Был лес большой, не очень далеко от города, а близко возле маленького, глухого хутора темно зеленел и шумел. Если бы какой болтливый человек ходил теми глухими, безлюдными тропами, то рассказывал бы, как часто встречал молодую женщину с девочкой небольшой. Молодая женщина шла с корзиной, девочка — с другой, и если спросить их: "Куда?" — отвечали они: "По грибы или по ягоды на продажу в город". И вправду, каждую неделю, через два-три дня можно было видеть их в городе, на базаре, с грибами или ягодами. В этом большом лесу спокойно было, и ещё никогда не слышно о каких-либо разбоях.

Женщина с девочкой шли, входили в лес и как-то разом исчезали сквозь деревья, словно сквозь зелёную стену уж, быстро, проворно — в один миг — не останавливаясь, знакомыми лесными тропами и дорожками доходили до полянки в самой чаще и там садились отдыхать.

В непроглядном лесу тихо, как в церкви. Столетние деревья подпирались молодыми; крепкие, широкие их ветви лежали на гибких верхушках молодых и гнули их к земле своей тяжёлой силой, а кое-где гибкая веточка скользала меж ними да и росла, росла, росла вверх, извиваясь, кидаясь то в одну сторону, то в другую, словно страшась, что её остановят, что ей помешают. Внизу поросли кусты разные. Солнце пробивалось туда только искорками, и цветы там распускались в тени и прохладе. Калина и бузина распускались там вдвое гуще и сильнее; красная, пылающая шиповник цвёл здесь роскошнее и бледнее и пах нежнее.

Здесь женщина с девочкой сидели и отдыхали, прислушиваясь. Никто, ничто не мешало слушать — ни птица не порхала, ни ветер не веял, — непроглядный лес стоял тихий и спокойный, тёмный и свежий.

Тихо. Тихо, пока не захрустят ветви слегка, и обе — женщина и девочка — улыбнутся и встрепенутся, и явится мужчина, — хоть бледный, запыхавшийся, изнурённый, голодный, пылью покрытый, да красивый, как солнце.
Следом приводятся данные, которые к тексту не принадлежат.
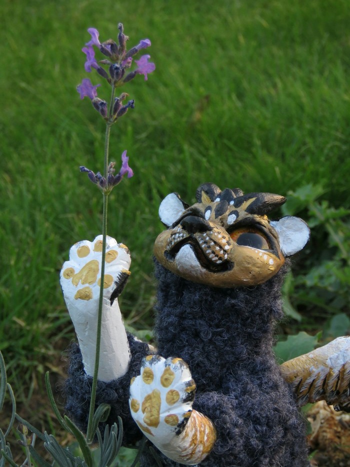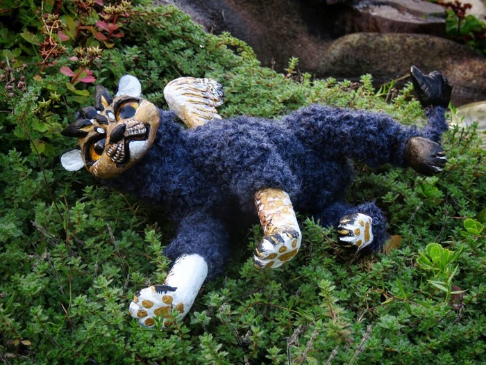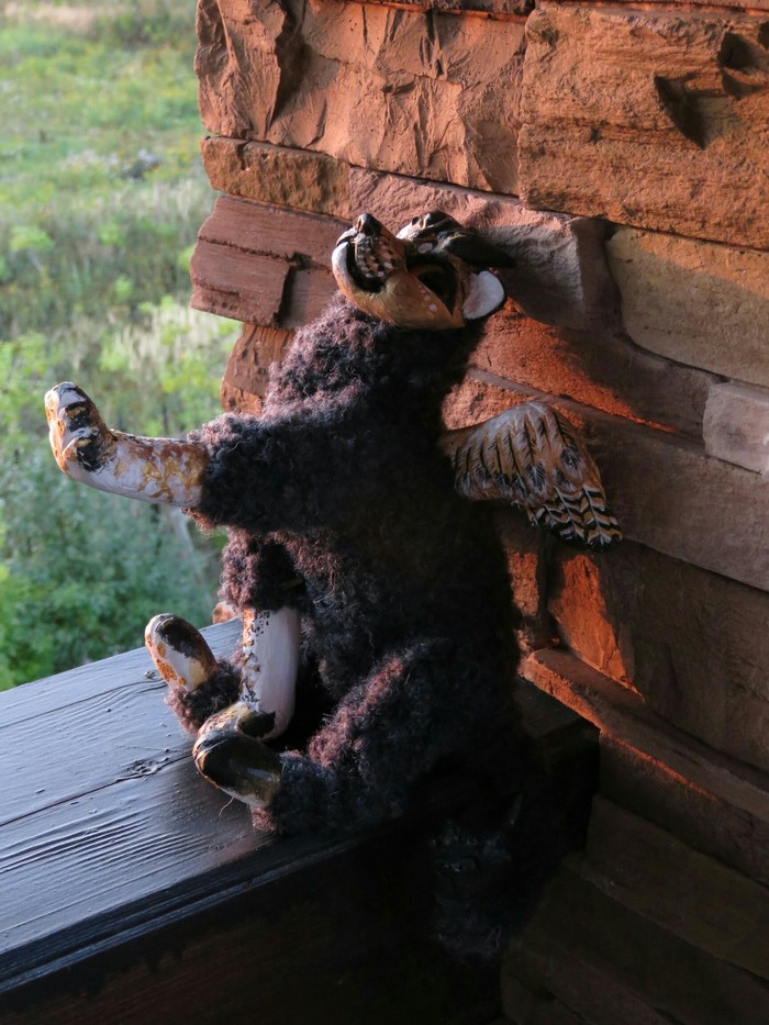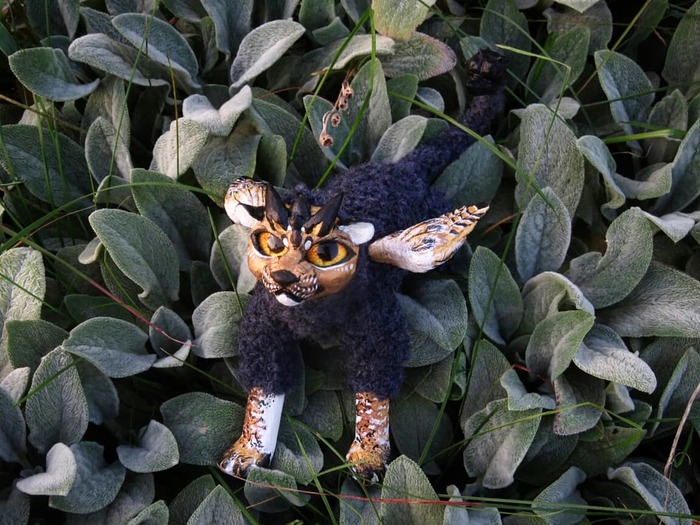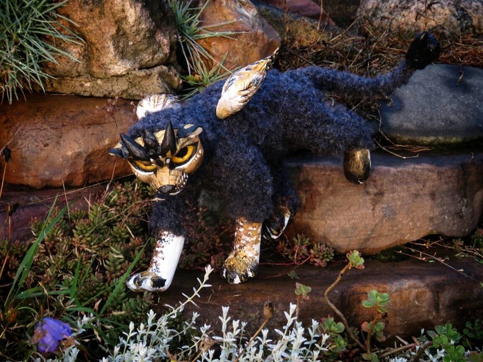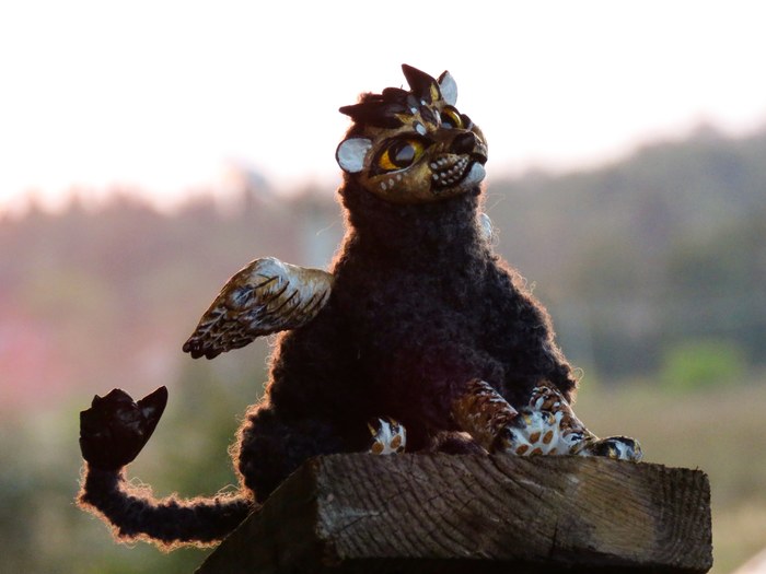 А это мантикора по имени Демиан, все детали созданы вручную (кроме глаз). Материалы - глина, глаза стеклянные, проволока, моток пряжи, акрил. На создание ушло 4 дня.

Здесь его встречали, здесь он имел и пищу, и отдых; здесь его звали любимым и жалели; здесь молодая женщина пересказывала всё, что слышала, видела, думала и гадала; девочка радовала своим щебетом, приносила порой какие-нибудь лакомства, за которые он благодарил сильно и улыбался к ней ласково, и клал свою измученную голову женщине на колени и засыпал, а маленькая сторожиха стерегла усердно и бойко — зря тревоги не поднимала, но вовремя предупреждала, если где что было непонятно.

Проходил час, отжалованный и отмеренный на отдых, прощались, как любили, — с печалью и с большой болью и с ещё большей верой и надеждой. Исчезал мужчина в лесу, женщина с девочкой возвращались в город. Три дня и три ночи ждали они, пока снова отправиться в лес, и женщина тем временем ходила на подённую работу, оставляя девочку одну в домике. Какую-то маленькую хижину они снимали, прижавшуюся под горой, почти за городом, недалеко от реки.

Женщина целый день работала на подёнщине: девочка, хоть маленькая, тоже не бездельничала: воду бралась соседке носить, в огороде у неё полоть. "Какая же девочка умненькая!" — каждый вечер говорила старая соседка, гладя девочку по головке и давая в её маленькие ручки копеечку и другую, и шла в свою хату отдыхать, позвав девочку и на завтра работать к себе. Малая выходила на берега, туда, откуда видно к лесу, и думала там сама себе, и гадала, и порой пела песни — те песни, что отец научил, держа её в своих руках и прижимая к себе там, в зелёном лесу.

Вернулся я из Сибири — нет же мне судьбины!

Хоть и в кандалах не связан, всё равно в неволе!

Следят меня и днём, и ночью, и во всякий час,

Некуда мне податься — от скорби угас!

Собрал я себе удальцов, и что мне из того?

Заседают по дорогам, ждут путника сего.

Едет ли он, или нет, всё равно — поджидать!

Ой, придётся Кармалюку зря пропадать!

Зовут меня разбойником, мол, людей гублю я,

А я ж никого не трогаю — душа есть своя!

Если возьму у богатого, бедняку отдам,

И, так деньги разделивши, я греха не знам.

Есть у меня жена, дитя — когда ж я их встречу?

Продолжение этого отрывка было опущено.